- [The task]: Please write out the full listing beneath this line exactly, skipping its images.

- [Supplied data]:
BEGIN
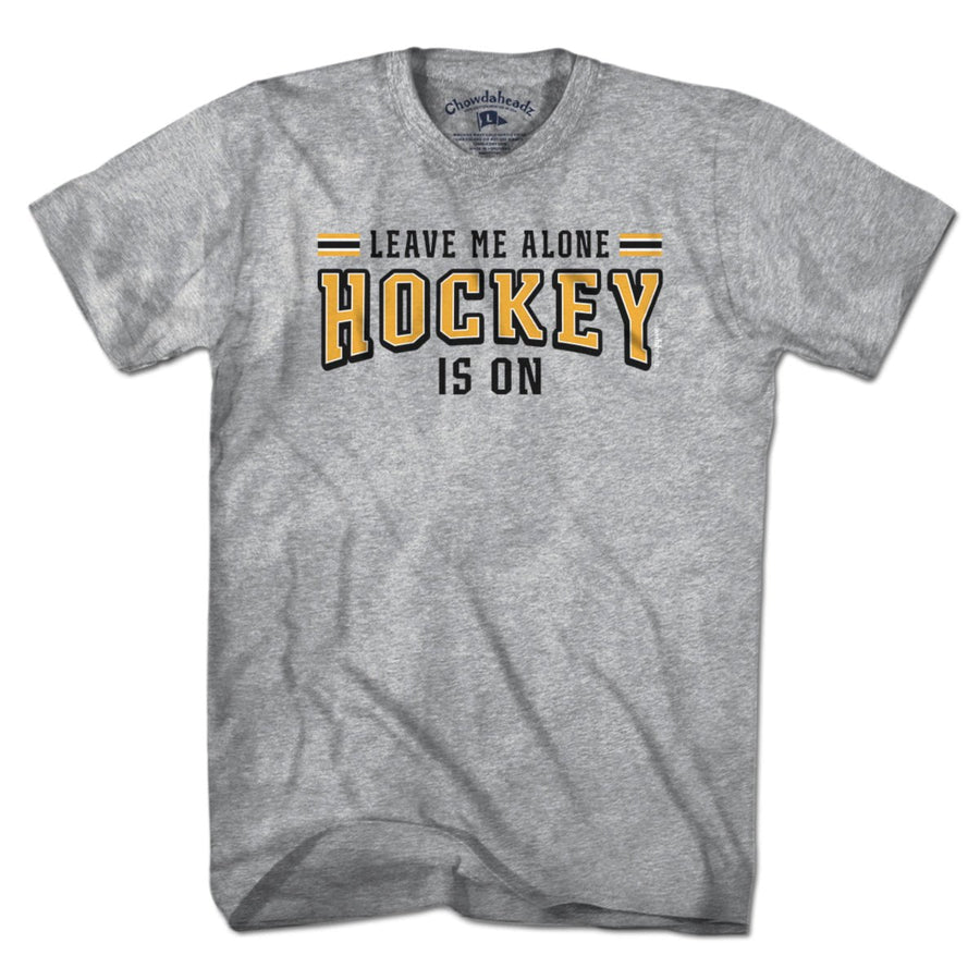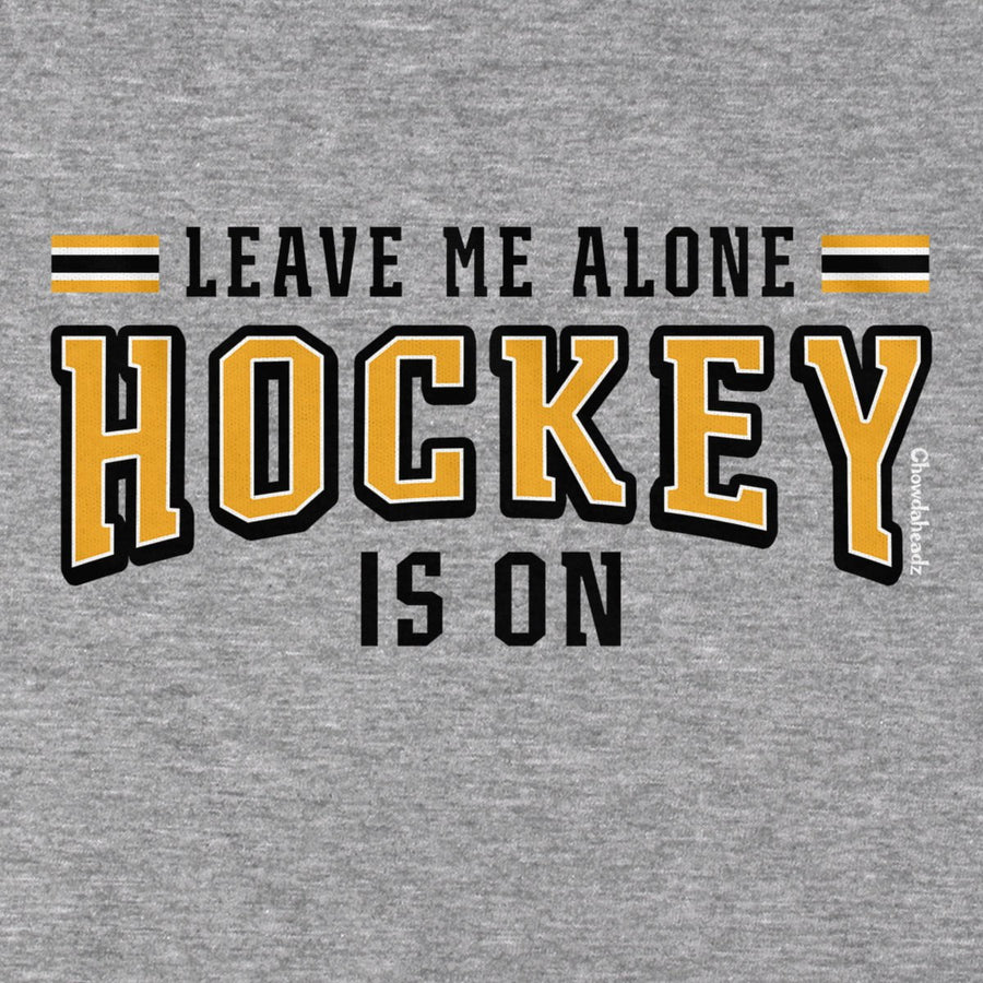 Ah, hockey season. If you need a gentle reminder to anyone in your immediate area that you are not to be disturbed, then this tee is for you. Let it be known to any and all spouses, children, in-laws, friends and relatives, significant others, roommates, pets, houseplants, fires, plagues, weather events, alien invasions, etc. that you will be available after the game, and not a moment before. Is 82 times a year (not including playoffs) too much to ask? Just pop on this tee as a sort of "Do Not Disturb" sign, and cover your bases. Perfect for the extremely focused hockey fan, and a must-have for your game-time attire this hockey season.
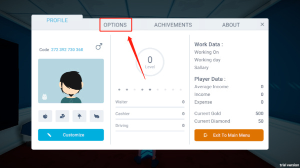 打开失业生活模拟器游戏,进入游戏后,我们可以为自己的角色取名字和DIY喜欢的形象,
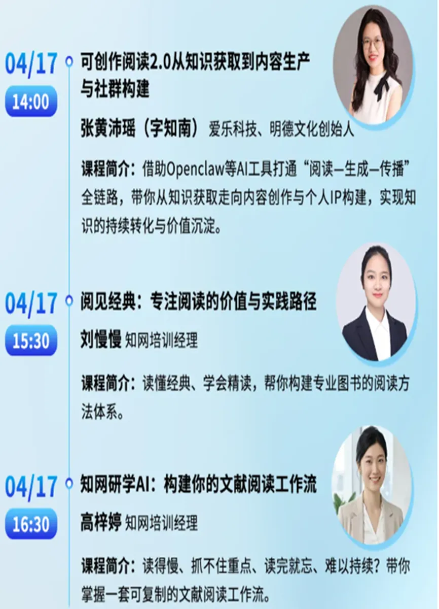 为助力我校师生熟练运用数字资源、掌握AI系列工具,提升数字素养与阅读效率,图书馆现依托中国知网举办“数字阅读与阅读能力提升公益线上培训--智读时代:AI赋能数字阅读”专题系列讲座。讲座将围绕深度阅读、AI赋能与多场景知识服务,全面升级您的阅读方式。欢迎大家准时收看!
END
- [The completed task]:
 Ah, hockey season. If you need a gentle reminder to anyone in your immediate area that you are not to be disturbed, then this tee is for you. Let it be known to any and all spouses, children, in-laws, friends and relatives, significant others, roommates, pets, houseplants, fires, plagues, weather events, alien invasions, etc. that you will be available after the game, and not a moment before. Is 82 times a year (not including playoffs) too much to ask? Just pop on this tee as a sort of "Do Not Disturb" sign, and cover your bases. Perfect for the extremely focused hockey fan, and a must-have for your game-time attire this hockey season.
 打开失业生活模拟器游戏,进入游戏后,我们可以为自己的角色取名字和DIY喜欢的形象,
 为助力我校师生熟练运用数字资源、掌握AI系列工具,提升数字素养与阅读效率,图书馆现依托中国知网举办“数字阅读与阅读能力提升公益线上培训--智读时代:AI赋能数字阅读”专题系列讲座。讲座将围绕深度阅读、AI赋能与多场景知识服务,全面升级您的阅读方式。欢迎大家准时收看!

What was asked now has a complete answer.